Dior recently defeated an Illinois Biometric Information Privacy Act (“BIPA”) putative class action on the pleadings by arguing that BIPA’s exemption for patient data captured in a health care setting covered the plaintiff’s use of Dior’s virtual try-on tool while shopping for non-prescription sunglasses. See Warmack-Stillwell v. Christian Dior, Inc., No. 1:22-CV-04633 (N.D. Ill. Feb. 10, 2023).
The plaintiff, Delma Warmack-Stillwell, filed a putative class action against Christian Dior, Inc. (“Dior”), contending that Dior violated BIPA because it profits (by virtue of an improved shopping experience) from the collection, storage, and use of customers’ facial geometry scans generated by the virtual try-on tool hosted on Dior’s website. The plaintiff also asserted that Dior violated BIPA by failing to have a publicly available written policy for the retention and destruction of biometric data, and by failing to get her informed consent before collecting her biometric data.
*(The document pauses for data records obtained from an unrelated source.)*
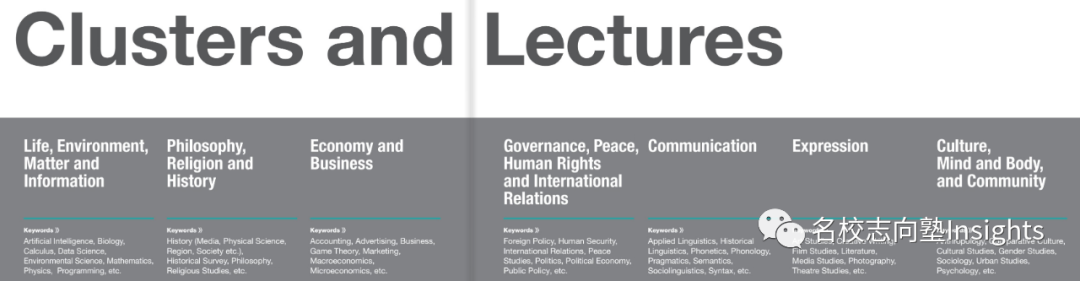 其下设生命・环境・物质・情报科学、哲学・思想・历史、经济・商学、政治・和平・人权・国际关系、交流、表象、文化・心身・共同体7大科目群,贯通文理,可谓是为广大专业选择中摇摆不定的考生提供了极佳的选择。
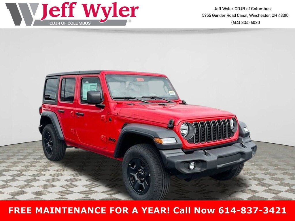 Jeff Wyler Columbus Auto Mall is pumped up to offer this good-looking and fun 2025 Jeep Wrangler Sport in Firecracker Red Clearcoat. Well equipped with: Quick Order Package 22B Sport, 110 MPH Vehicle Max Speed Calibration, 3.45 Overall Top Gear Ratio, 4-Wheel Disc Brakes, 8 Speakers, ABS brakes, Air Conditioning, AM/FM radio: SiriusXM, Apple CarPlay/Android Auto, Aux Battery, Black 3-Piece Hard Top, Brake assist, Cloth Low-Back Bucket Seats, Compass, Deep Tint Sunscreen Windows, Delay-off headlights, Driver door bin, Driver vanity mirror, Dual front impact airbags, Dual front side impact airbags, Electronic Stability Control, Freedom Panel Storage Bag, Front anti-roll bar, Front Bucket Seats, Front Center Armrest w/Storage, Front fog lights, Front reading lights, Illuminated entry, Integrated roll-over protection, Low tire pressure warning, MOPAR All-Weather Floor Mats, Non-Lock Fuel Cap w/o Discriminator, Normal Duty Suspension, Occupant sensing airbag, Outside temperature display, Overhead airbag, Panic alarm, ParkView Rear Back-Up Camera, Passenger door bin, Passenger vanity mirror, Power steering, Power windows, Radio data system, Radio: Uconnect 5 w/12.3" Display, Rear anti-roll bar, Rear reading lights, Rear Window Defroster, Rear Window Wiper/Washer, Remote keyless entry, Speed control, Split folding rear seat, Steering wheel mounted audio controls, Stop-Start Dual Battery System, Tachometer, Telescoping steering wheel, Tilt steering wheel, Traction control, Trip computer, Variably intermittent wipers, and Wheels: 17" x 7.5" Black Steel Styled.Wyler Family First Package Includes: NanoCure Appearance Protection: Exterior & Interior Chemical Sealant Applied to Protect Against Environmental Hazards (7 Year Warranty Coverage). Pulse- Rear End Collision Avoidance System Theft Deterrent Strategy gives you 5 Years of Coverage against vehicle theft, Offering up to a $5,000 benefit. Price does not include Tax, Title, License and Documentary Fee$2500 - 2025 National Retail Bonus Cash . Exp. 11/03/2025 $500 - 2025 National 2025 Military Bonus Cash. Exp. 01/05/2026
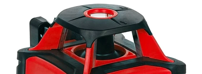 Ротационный нивелир проецирует замкнутую горизонтальную плоскость с разверткой 360⁰ и точку зенита. Скорость вращения излучателя регулируется с учетом интенсивности освещения и расстояния до объекта. Круговую проекцию можно сузить до сектора 10º, 45º, 90º или 180º, чтобы не мешать коллегам, работающим с лазерными уровнями. Отключение самовыравнивания позволяет строить линии под любым углом.
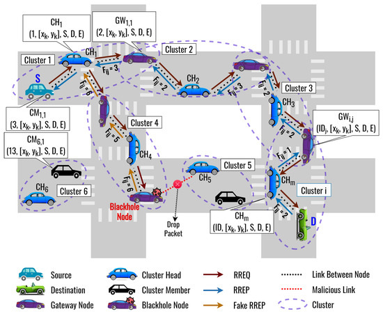 Security is a critical issue in VANETs due to the potential for serious accidents. A blackhole attack that disrupts the data transmission process by dropping all the packets instead of forwarding them is especially serious [11,12]. When other nodes try to communicate with the destination, the blackhole node sends fake route replies (fake-RREP) by having the freshest and shortest or most efficient route towards the destination node [13,14]. However, instead of forwarding the packets to the actual destination, the blackhole node intentionally drops or discards the packets. As a result, the data packets are lost, and the source nodes never receive any response from the destination node. This interruption in data transmission can lead to a significant disruption in communication within the network and causes an increase in the end-to-end delay and low packet delivery ratio (PDR).
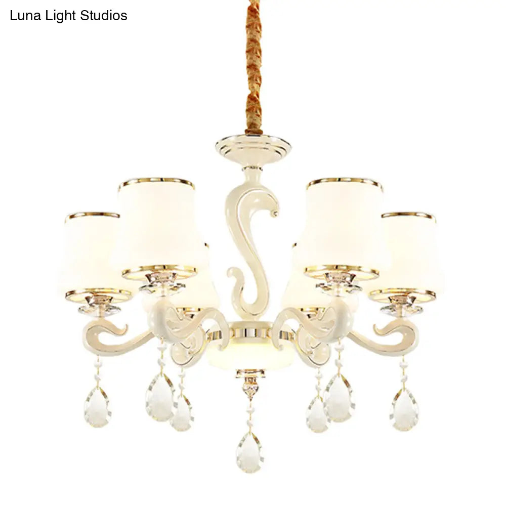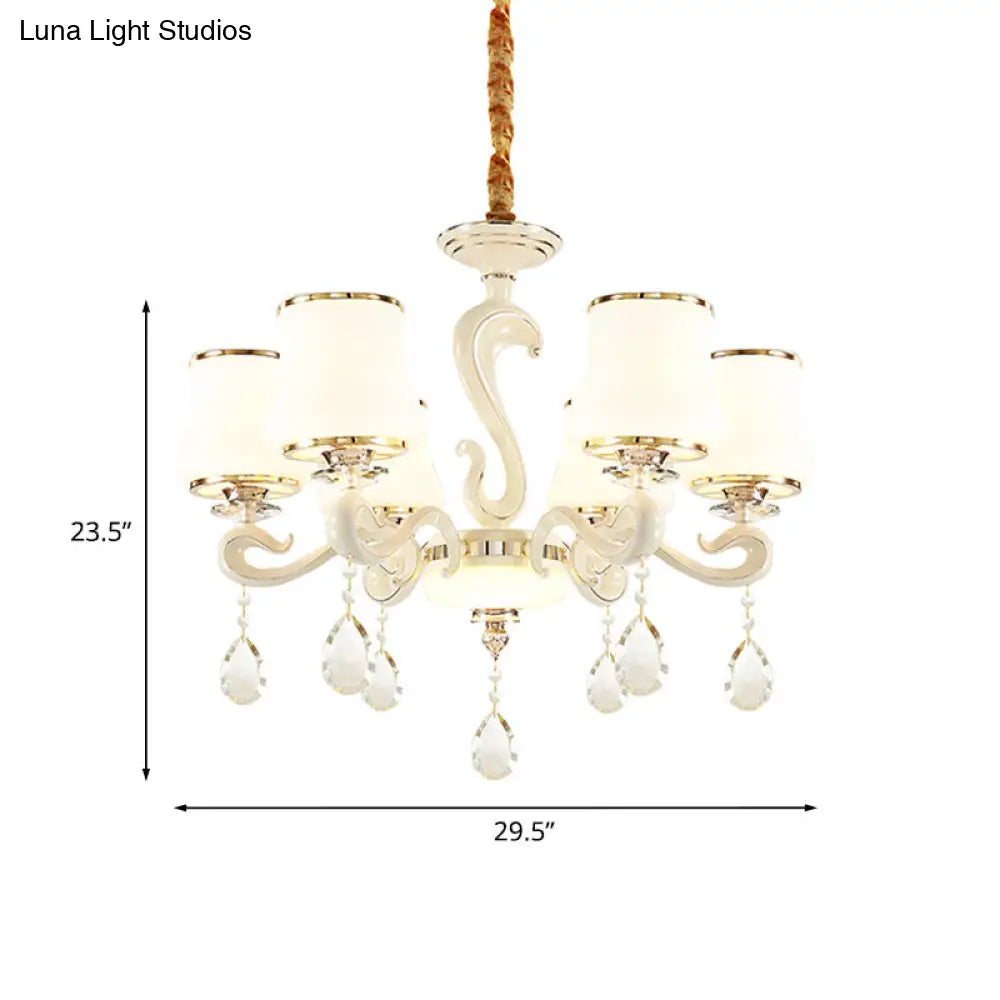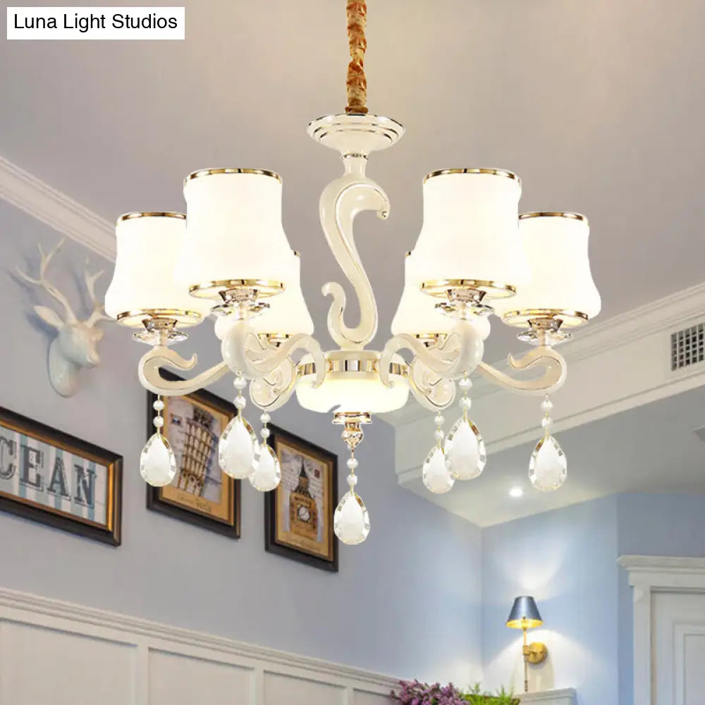 Lámpara de araña moderna de cristal opalino blanco curvo para dormitorio con 6 bombillas

Dior moved to dismiss, arguing in relevant part that BIPA’s statutory exclusion for “information captured from a patient in a health care setting” applies to the facial scans that allegedly were captured while the plaintiff virtually tried on sunglasses. The plaintiff argued that she does not qualify as a “patient” because she was shopping for non-prescription sunglasses, not prescription glasses, and that Dior’s website is not a “health care setting.”
The district court agreed with Dior, holding that even though the plaintiff was not trying on prescription glasses with Dior’s virtual try-on tool, she was still a “patient” within the meaning of BIPA because the non-prescription sunglasses she tried on “protect one’s eyes from the sun and are Class I medical devices under the Food & Drug Administration’s regulations.” The court further reasoned that Dior’s virtual try-on tool “facilitates the provision of a medical device that protects vision,” and therefore the tool captured her facial scans in a “health care setting,” regardless of whether she was motivated to shop for the sunglasses for fashion purposes or for health purposes.
This ruling from the Northern District of Illinois may prove useful to other defendants who similarly fall into the health care exemption for BIPA.